Most of us read a job posting and breeze through it. If you’re looking for a new role, you’ve probably seen dozens of similar descriptions already. You skim it and pick out what you consider salient bits. You find the bits you wanted, you apply, you get ghosted, you wonder why. You move on.
This sucks.
At the same time, on the other end of the transaction, your resume arrives in a piece of software called an applicant tracking system (ATS). If you’re lucky, it’s viewed by an actual human who skims it for the salient bits. They don’t find them. They move on.
Here’s what both sides would find extremely valuable during this process: a clear understanding of the reason this role exists, and how someone in this role can know if they’re being successful.
Most companies get this wrong. They don’t think enough about the problem being solved.

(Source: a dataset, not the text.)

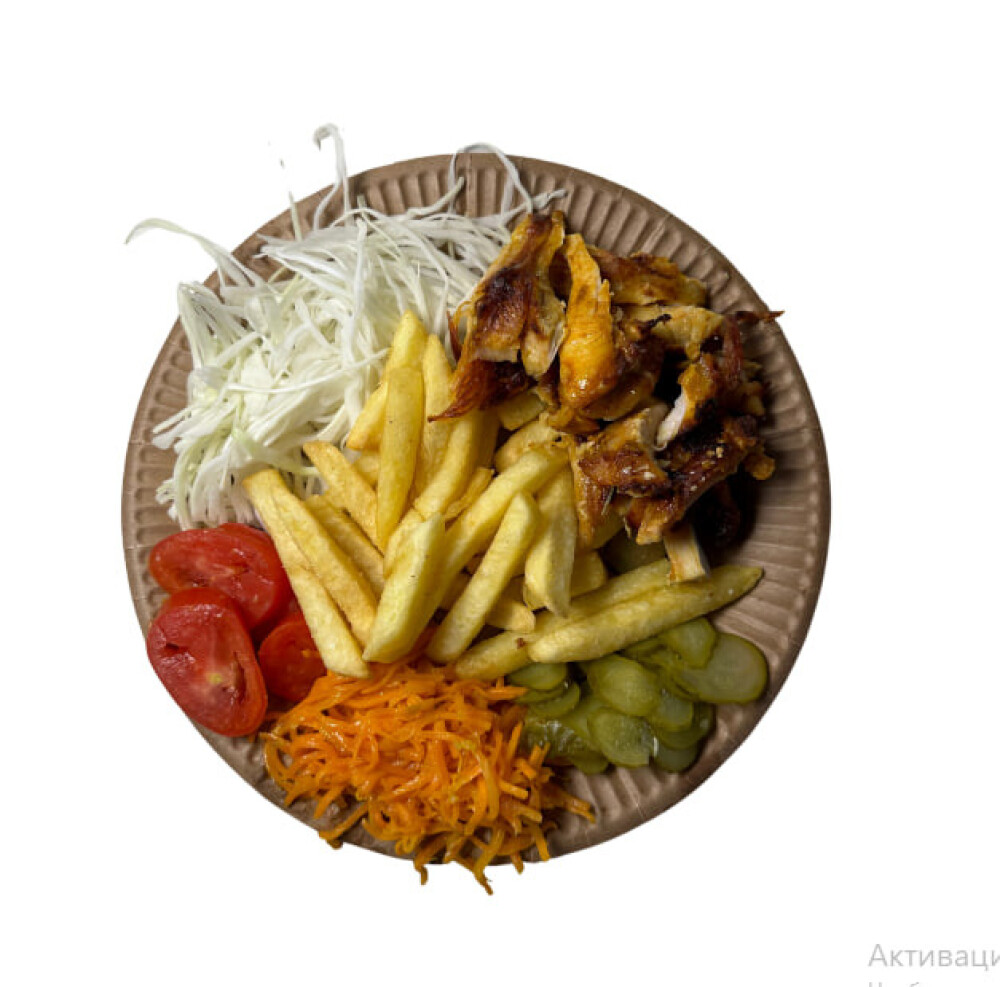 Курица, картофель фри, помидор, маринованный огурец, кетчуп, соус «Чесночный»

Or if they do, they skip straight to listing the 37 bullet points they think are requirements for someone to solve the problem (bullets which are likely the result of copy/paste from a dozen similar postings found in a single Indeed search). This oversight allows for a ton of bias to creep in and sets up the ATS-reviewing human for a lot of time spent filtering out poor matches.

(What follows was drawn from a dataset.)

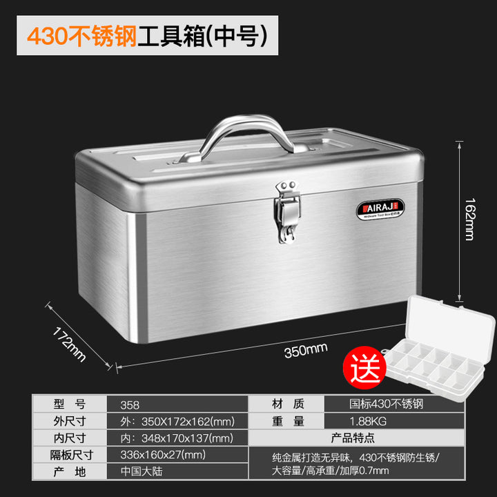 Stainless steel toolbox medium (single buckle) + parts box, Stainless Steel Toolbox Large + Parts Box, Stainless steel toolbox extra large + parts box |

Meanwhile, the job seeker who has to read 100 job postings to find 50 they have a hope of landing is left shotgunning their resume across the industry in the hopes that 5 of those 50 ever generate a non-rejection response. How do they pick which 50? A list of 37 bullet points with non-zero overlap with their work history. How many of those 50 should they have never wasted their time applying for? Rounding down…about 50. How many could they have self-filtered away from if they knew 1) the problem this role is meant to solve, and 2) how to measure success in the role? At least half.
What a crappy employee experience. And this person isn’t even an employee yet.
Here’s an excerpt from a job posting I suggested for a client to fill a Head of People role:
You can see the problem we’re trying to solve (“Here’s why we need your help”) and five measures of success. This is a director-level role so things are less concrete, less obviously measurable. But this excerpt still lets you know more about the job than 37 bullet points in the Requirements section. If I’m considering applying for the role it’s easier for me to filter out of the pipeline because I don’t want to – or know how – to solve this problem. Or because I don’t have enough confidence I can do the things pertinent to measurable success.
So spend the time up front. Consult with folks on your team, come up with the Problem We’re Solving and the Measures of Success. Put them at the top of the job posting and give every candidate a better employee experience. Because one of them will eventually be an employee.